▶ [Exercise aim]: Output the data in full. Keep every word exact and exclude the pictures.

▶ [Data]:
+ + + +
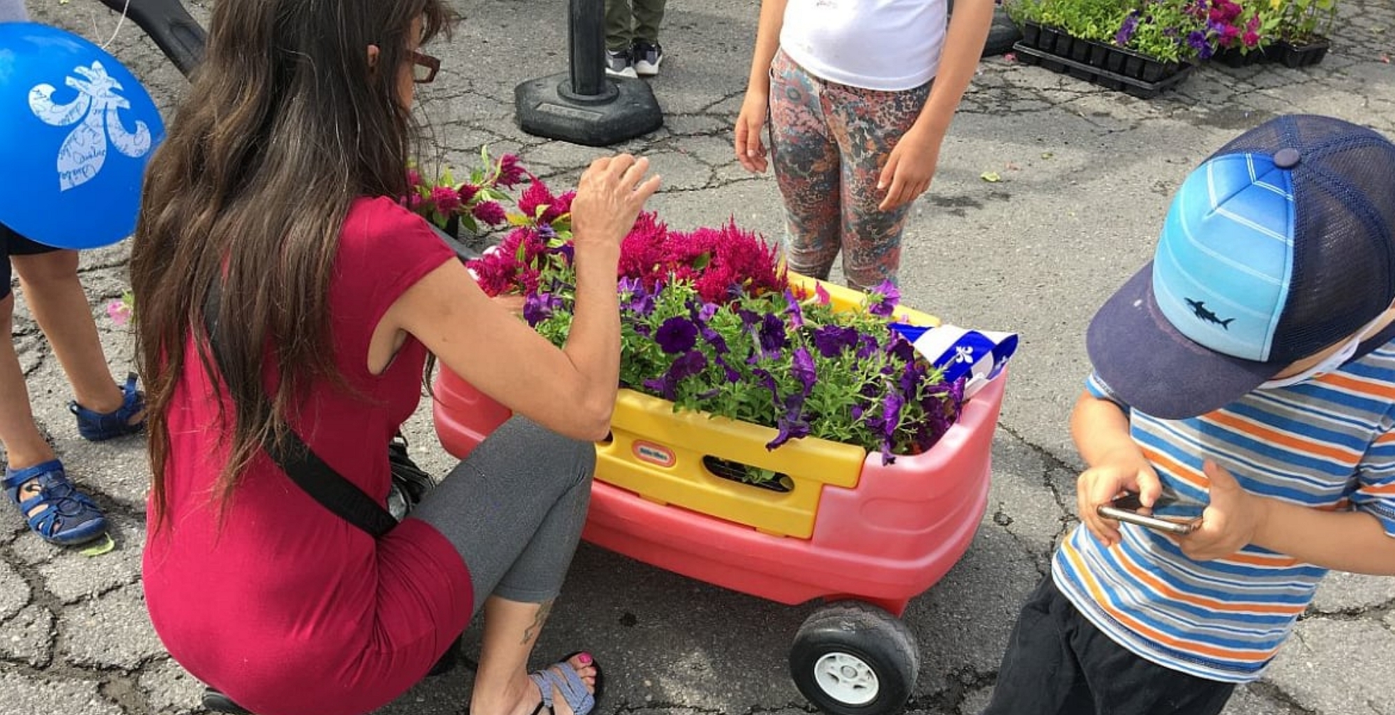 Distribution de plantes, fleurs, compost et paillis à Montréal-Nord (Aréna Fleury)
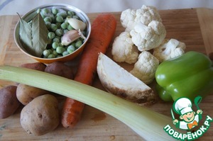 Морковь и сельдерей очистить и нарезать соломкой. Картофель - брусочками. Черешок сельдерея - тонкими ломтиками, болгарский перец - кусочками. Цветную капусту разобрать на маленькие соцветия. Лук и чеснок нарезать очень мелко.
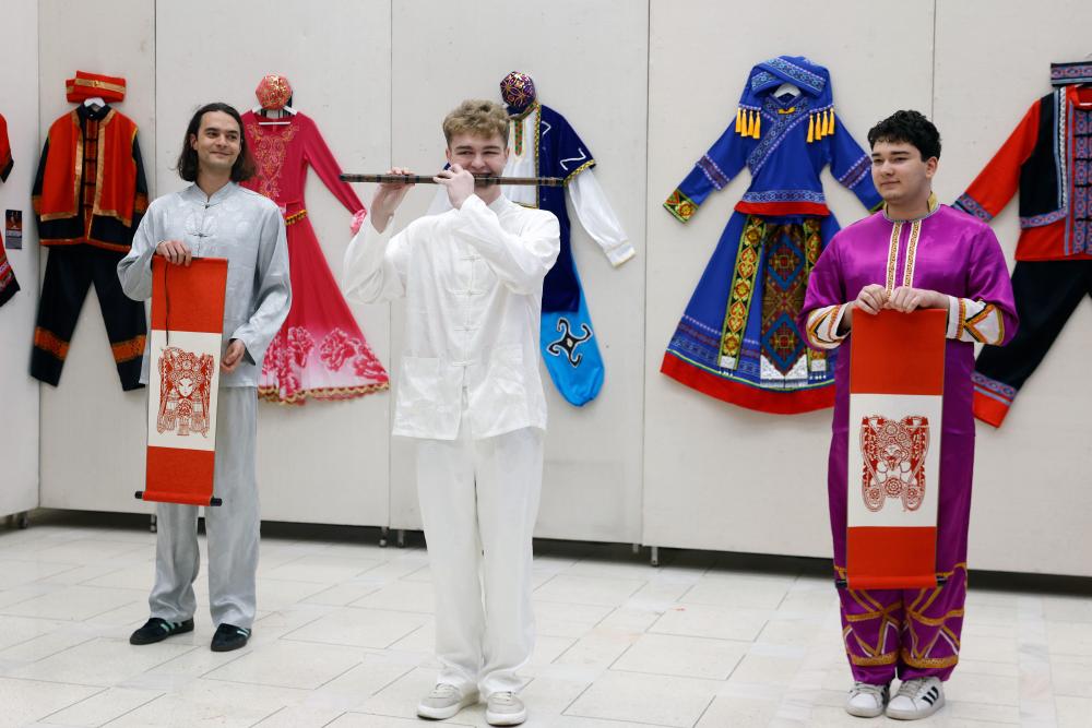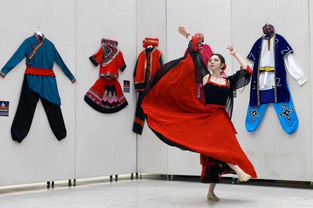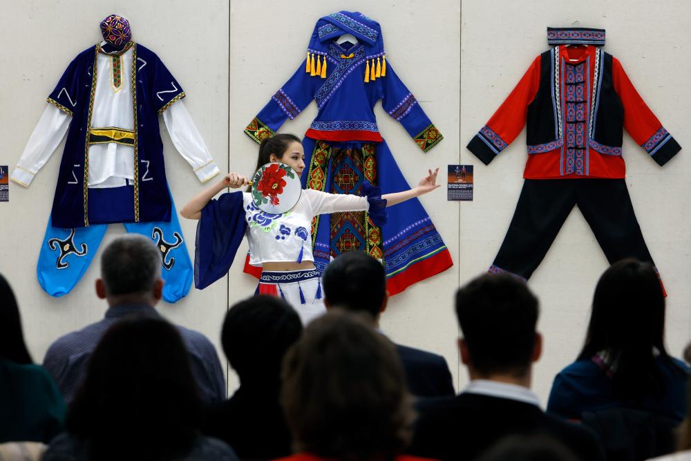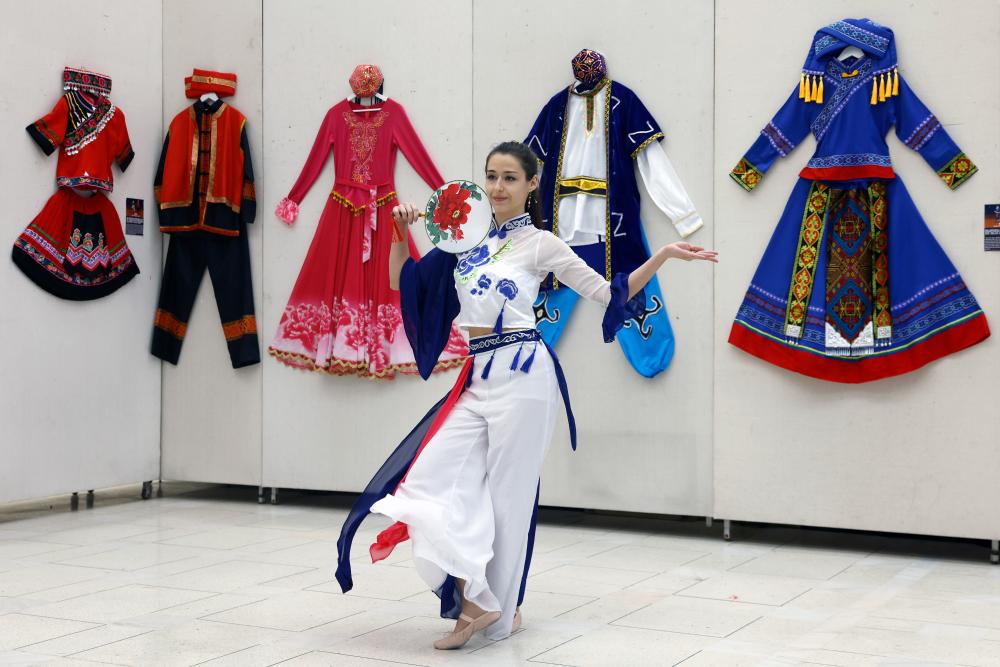 11月11日,在罗马尼亚布加勒斯特,布加勒斯特大学的学生在“霓裳锦韵——中国少数民族服饰展”开幕式上表演。
+ + + +
▶ [Output for this task]:
 Distribution de plantes, fleurs, compost et paillis à Montréal-Nord (Aréna Fleury)
 Морковь и сельдерей очистить и нарезать соломкой. Картофель - брусочками. Черешок сельдерея - тонкими ломтиками, болгарский перец - кусочками. Цветную капусту разобрать на маленькие соцветия. Лук и чеснок нарезать очень мелко.
 11月11日,在罗马尼亚布加勒斯特,布加勒斯特大学的学生在“霓裳锦韵——中国少数民族服饰展”开幕式上表演。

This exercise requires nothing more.